__EXERCISE GOAL__: Although the data below contains pictures, output only the lines between those holding "Poltrona GFM-142, design" and "Banderas rusas, soviéticas", inclusive, exactly and without those pictures.

__RECORDS FOR THE EXERCISE__:

● ● ●

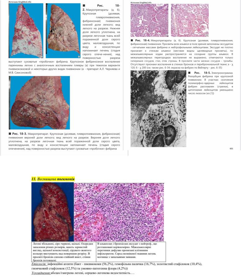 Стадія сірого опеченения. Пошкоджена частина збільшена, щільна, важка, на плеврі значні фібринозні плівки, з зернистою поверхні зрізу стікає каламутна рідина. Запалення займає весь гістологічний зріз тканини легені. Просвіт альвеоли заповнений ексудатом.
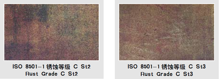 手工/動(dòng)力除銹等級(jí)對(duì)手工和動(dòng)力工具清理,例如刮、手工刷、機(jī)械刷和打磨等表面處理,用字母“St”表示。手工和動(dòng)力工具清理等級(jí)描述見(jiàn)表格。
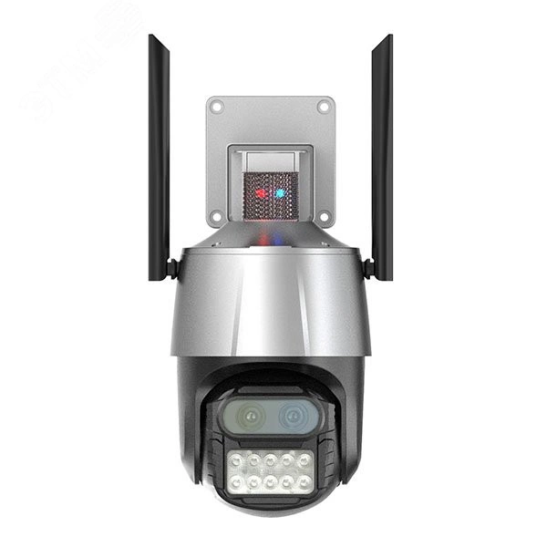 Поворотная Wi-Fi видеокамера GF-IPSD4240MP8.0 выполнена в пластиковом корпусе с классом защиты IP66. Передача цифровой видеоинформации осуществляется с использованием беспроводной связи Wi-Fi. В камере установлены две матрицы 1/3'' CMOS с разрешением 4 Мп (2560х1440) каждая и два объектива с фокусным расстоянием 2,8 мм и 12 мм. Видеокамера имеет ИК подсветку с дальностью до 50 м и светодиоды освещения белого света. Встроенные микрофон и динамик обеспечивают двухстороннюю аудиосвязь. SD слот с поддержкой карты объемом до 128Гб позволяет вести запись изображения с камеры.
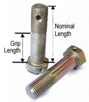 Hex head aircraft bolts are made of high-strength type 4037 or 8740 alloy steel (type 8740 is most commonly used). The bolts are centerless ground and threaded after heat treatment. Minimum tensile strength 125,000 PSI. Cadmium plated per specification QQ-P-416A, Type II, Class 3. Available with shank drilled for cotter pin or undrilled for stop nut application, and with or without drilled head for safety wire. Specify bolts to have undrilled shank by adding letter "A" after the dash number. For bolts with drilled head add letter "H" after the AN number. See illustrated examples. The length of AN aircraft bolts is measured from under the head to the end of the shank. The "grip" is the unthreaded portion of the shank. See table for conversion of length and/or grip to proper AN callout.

● ● ●

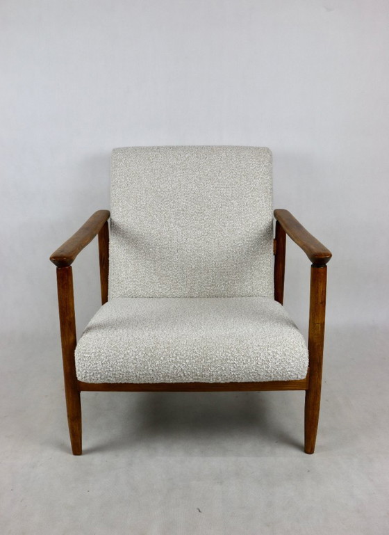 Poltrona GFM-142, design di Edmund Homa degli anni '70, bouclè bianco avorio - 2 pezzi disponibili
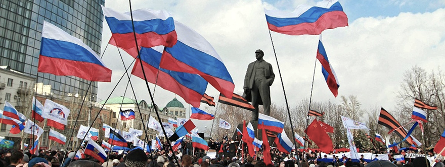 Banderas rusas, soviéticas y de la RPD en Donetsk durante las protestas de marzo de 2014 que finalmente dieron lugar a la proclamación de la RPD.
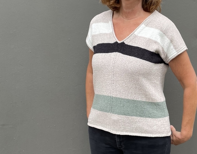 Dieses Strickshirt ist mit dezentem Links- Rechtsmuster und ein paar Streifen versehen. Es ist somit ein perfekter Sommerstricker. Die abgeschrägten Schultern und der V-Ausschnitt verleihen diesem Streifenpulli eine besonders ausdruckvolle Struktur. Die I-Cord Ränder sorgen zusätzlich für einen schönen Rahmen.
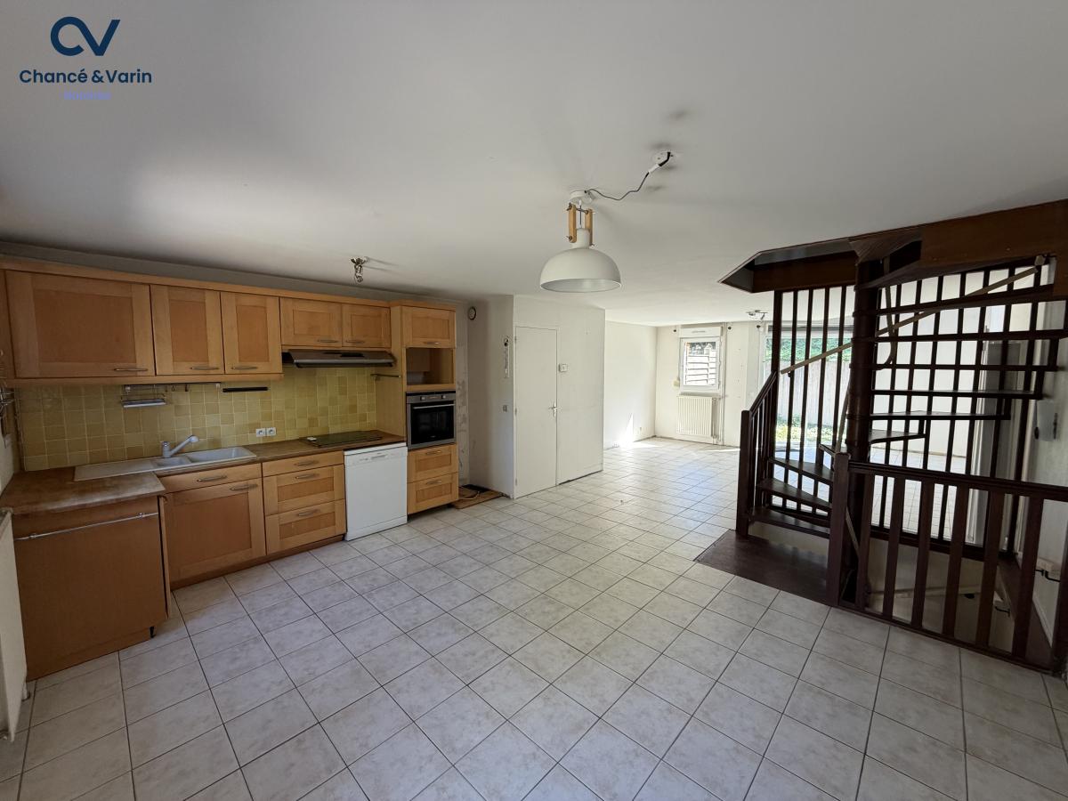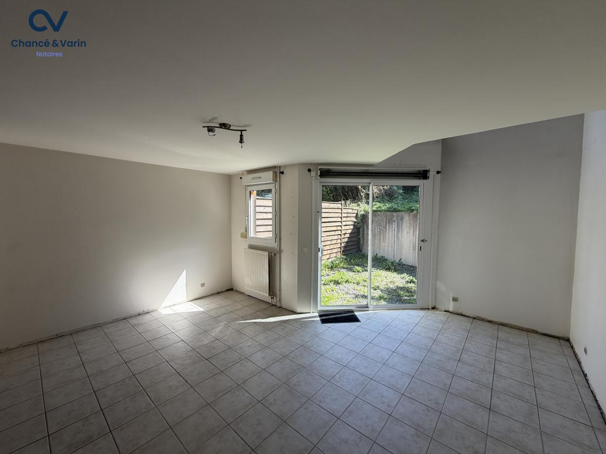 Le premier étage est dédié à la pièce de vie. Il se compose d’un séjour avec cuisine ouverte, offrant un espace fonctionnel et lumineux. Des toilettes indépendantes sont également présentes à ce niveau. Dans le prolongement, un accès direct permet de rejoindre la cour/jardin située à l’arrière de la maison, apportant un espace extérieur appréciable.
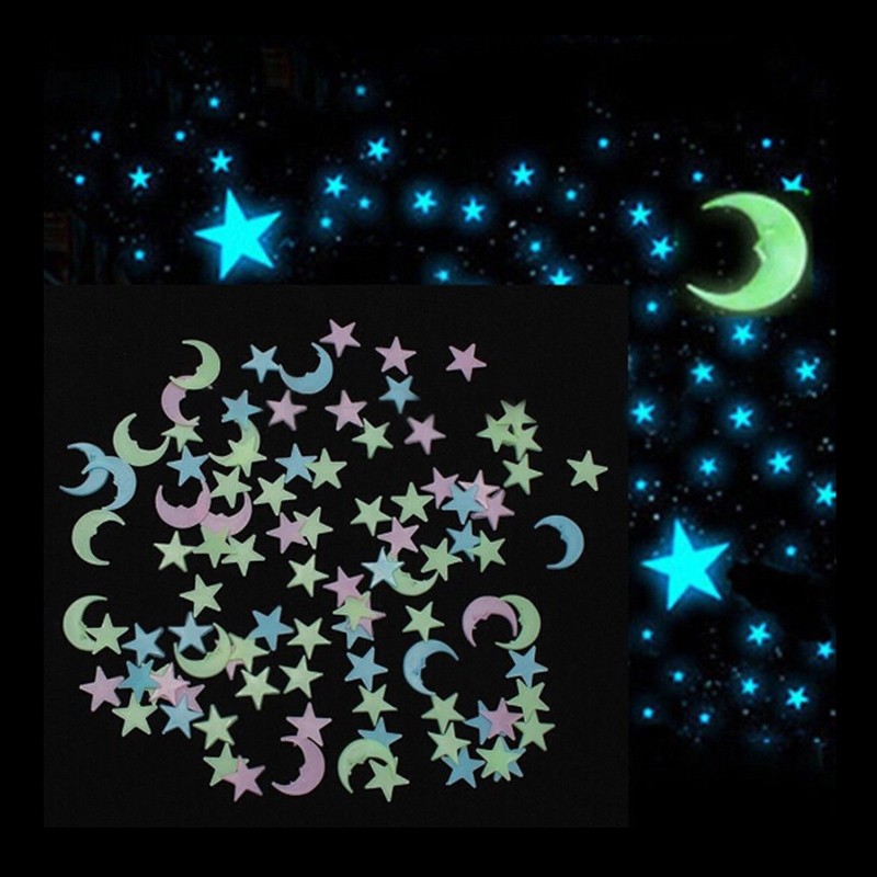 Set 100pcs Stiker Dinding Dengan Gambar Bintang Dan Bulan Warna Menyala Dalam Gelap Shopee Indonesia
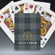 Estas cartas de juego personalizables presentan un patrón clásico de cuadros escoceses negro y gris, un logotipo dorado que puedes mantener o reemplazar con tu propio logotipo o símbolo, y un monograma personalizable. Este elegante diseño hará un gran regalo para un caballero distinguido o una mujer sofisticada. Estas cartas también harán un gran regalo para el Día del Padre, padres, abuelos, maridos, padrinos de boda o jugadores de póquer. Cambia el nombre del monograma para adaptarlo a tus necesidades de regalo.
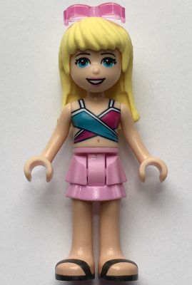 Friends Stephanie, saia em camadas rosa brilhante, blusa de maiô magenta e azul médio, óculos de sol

● ● ●

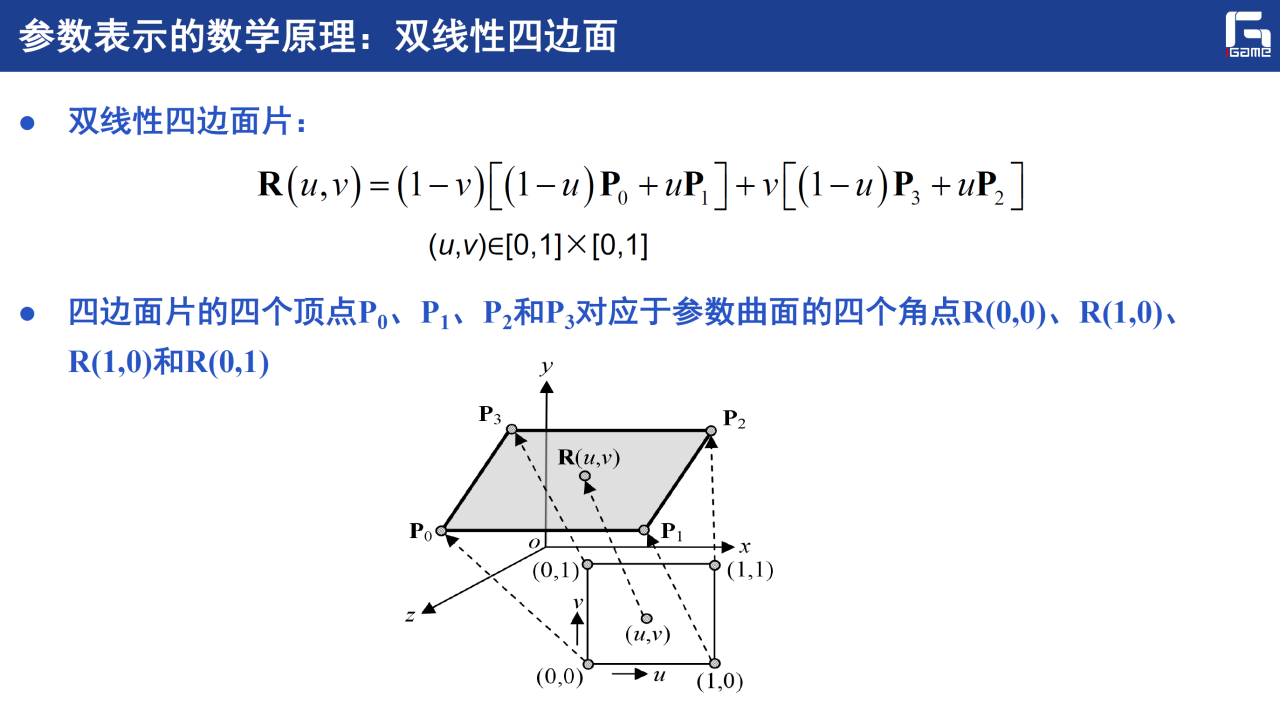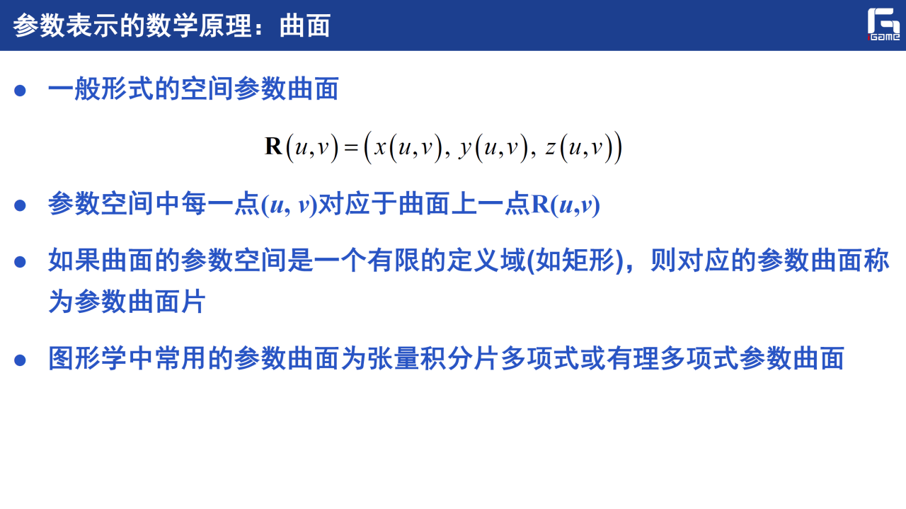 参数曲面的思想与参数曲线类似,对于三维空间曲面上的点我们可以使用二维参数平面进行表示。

● ● ●

__EXERCISE OUTPUT__:
 Poltrona GFM-142, design di Edmund Homa degli anni '70, bouclè bianco avorio - 2 pezzi disponibili
 Banderas rusas, soviéticas y de la RPD en Donetsk durante las protestas de marzo de 2014 que finalmente dieron lugar a la proclamación de la RPD.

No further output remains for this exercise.